Task statement:
Using the entries that follow, collect the lines where the word "directas" appears.

(Stored items)
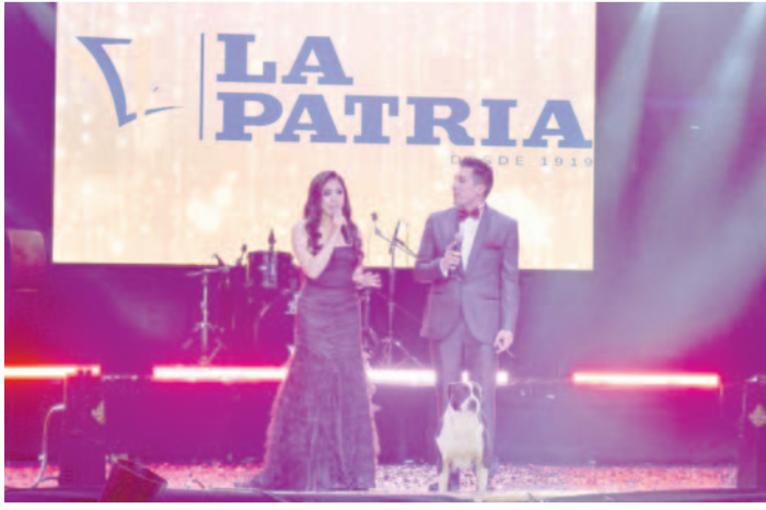
Los presentadores de la noche de moda junto a una "invitada" especial
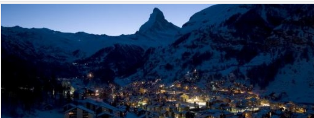
Skyrunning, Zermatt, http://www.ultraks.com

Matterhorn Ultraks , bo tak brzmi pełna nazwa biegu, to 46km z całkowitym przewyższeniem 3600 m . Najwyżej położony punkt znajduje się na wysokości 3100 m. n.p.m. i to na nim prawie zawsze tworzy się biegowy kocioł. Nawet będąc mocno w biegu, nie wolno odpuścić sobie rozciągającego się, niezapomnianego widoku.
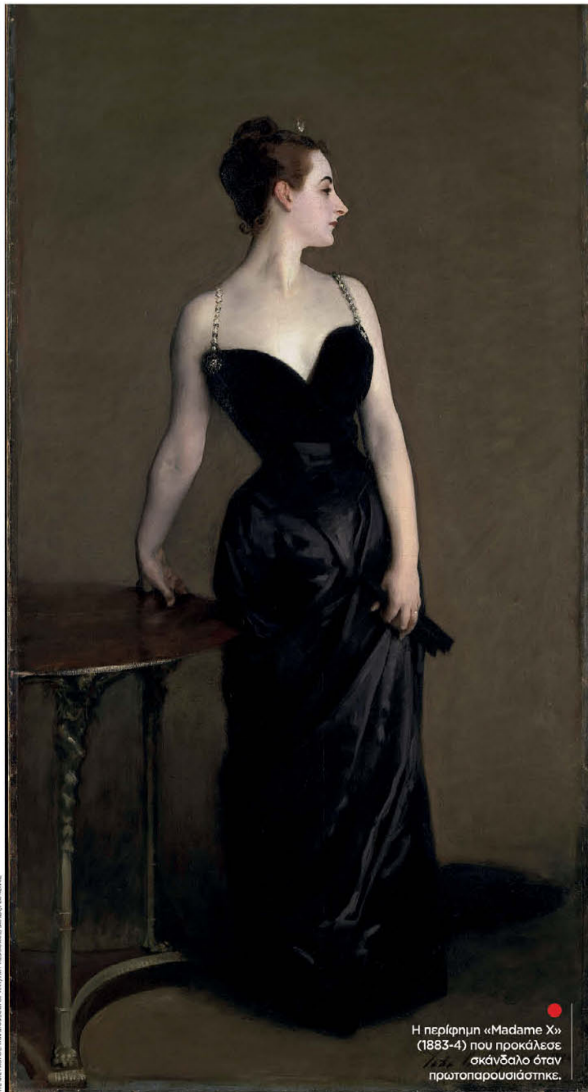
Η περίφημη «Madame X» (1883-4) που προκάλεσε σκάνδαλο όταν πρωτοπαρουσιάστηκε.

Δύο μεγάλες εκθέσεις σε Βοστώνη και Λονδίνο μαρτυρούν ότι ο αμερικανός πορτραίστας γνώριζε πολύ καλά πώς οι ενδυματολογικές επιλογές λένε για τους ανθρώπους όσα θέλουν αλλά και όσα δεν επιθυμούν να αποκαλύψουν στους άλλους.
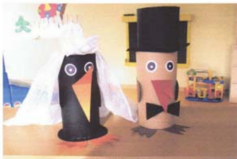
Elster und Rabe in der Kinderkrippe

In diesem Gemeindeblatt erfahren Sie unter anderem:
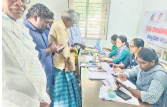
ఇల్లంతకుండు : మండల వ్యవసాయ కార్యాలయంలో దరఖాస్తు చేసుకుంటున్న రుణమాఫీ కార్యక్రమం

ఇల్లంతకుండు, ఆగస్టు 17 : మూడో విడుతలోనూ రుణమాఫీ కాకపోవడంతో రైతులు ఆగ్రహం వ్యక్తం చేస్తున్నారు. వ్యవసాయ కార్యాలయం వద్దకు వెళ్లిన సభ్యులలో తరలివస్తున్నారు. శనివారం ఇల్లంతకుండు వ్యవసాయ కార్యాలయంలో సుమారు 600 మంది దరఖాస్తు చేసుకున్నారు. ఈ విషయాన్ని వ్యవసాయ ప్లీడర్ అధికారులు తెలిపారు. మూడో విడుతలో ₹2 లక్షల రుణమాఫీ కనిపించిన దరఖాస్తు చేసుకున్నారని పేర్కొన్నారు. రైతులు తీసుకున్న రుణం పడ్డీతో కలిపి ₹2 లక్షల పై రుణం ఉన్న వారికి కాలేదని, ప్రభుత్వం నుంచి వచ్చే సమాచారం మేరకు మిగతా రుణమాఫీపై స్పష్టత వస్తుందన్నారు.
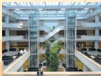
Le campus Bio-Medico : valeurs chrétiennes, professionnalisme et dignité de la personne dans une Université consacrée à la santé, au service et à la recherche clinique

Les responsables de ces projets invitent cordialement nos lecteurs à leur rendre visite sur place.
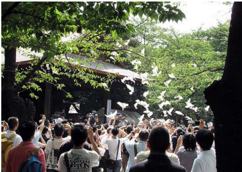
「日本の声—英霊に感謝する集い」放鳩式が午前10時から行われました。
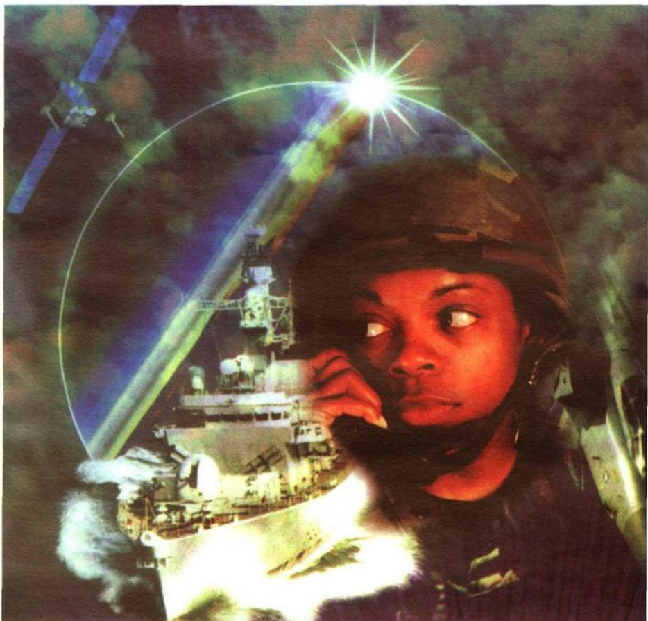
信息边疆无形无界

时代总是在超越历史中发展，人类的边疆观也是这样。如领海的出现，是在人类的生产生活大量进入海洋时才被纳入国家主权范畴的；领空的出现，是在飞机诞生后才刷新国家边疆概念的；随着人类向太空迈进，外层空间“天疆”也隐约出现。进入信息时代后，信息技术的飞速发展已经使边疆观开始向更大、更广阔的概念延伸，传统战场在演变为陆、海、空、天、电五维战
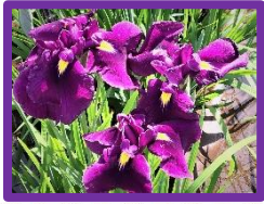
【ハナショウブ】5月下旬～6月上旬
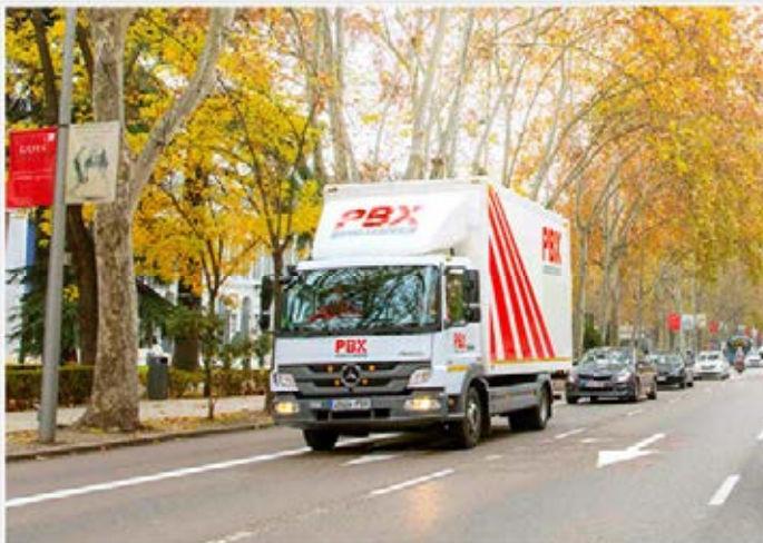
Palibex crece gracias a un nuevo modelo operativo basado en rutas directas y centros de coordinación.

Palibex ha consolidado su nuevo modelo operativo registrando un nuevo incremento de volúmenes el pasado año. Pese a la incertidumbre del sector, tanto Palibex como sus franquiciados están creciendo gracias a un nuevo modelo operativo basado en rutas directas y centros de coordinación .
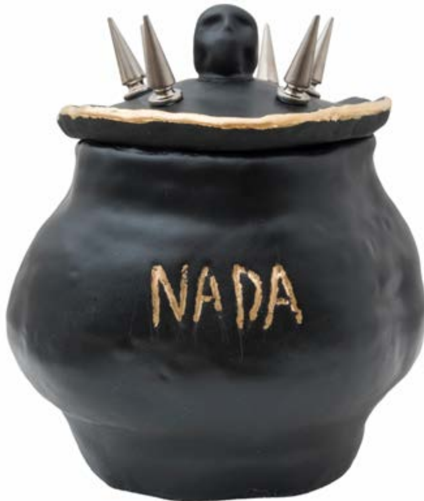
(ESP) Vasija No.1 (Nada), 2019

Barro cocido y esmaltado a alta temperatura esmaltada y spikes metálicos. 13 x 14 x 13 cm.
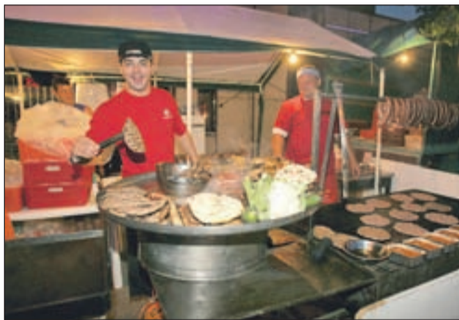
Brez pleskavic Kranjska noč ni prava noč.
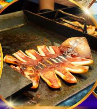
ตลาดแฮจุนแด
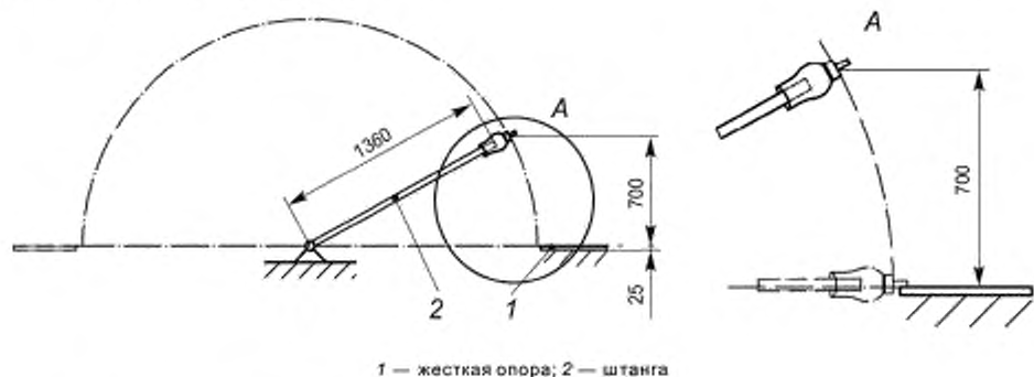
Рисунок 4 — Испытание стойкости несъемного конька к удару в горизонтальном положении

5.5.5 Испытание проводят на стенде типа маятникового копра со стальной штангой диаметром 25 мм длиной 1360 мм (см. рисунок 4).

Exercise result:
Palibex crece gracias a un nuevo modelo operativo basado en rutas directas y centros de coordinación.
Palibex ha consolidado su nuevo modelo operativo registrando un nuevo incremento de volúmenes el pasado año. Pese a la incertidumbre del sector, tanto Palibex como sus franquiciados están creciendo gracias a un nuevo modelo operativo basado en rutas directas y centros de coordinación .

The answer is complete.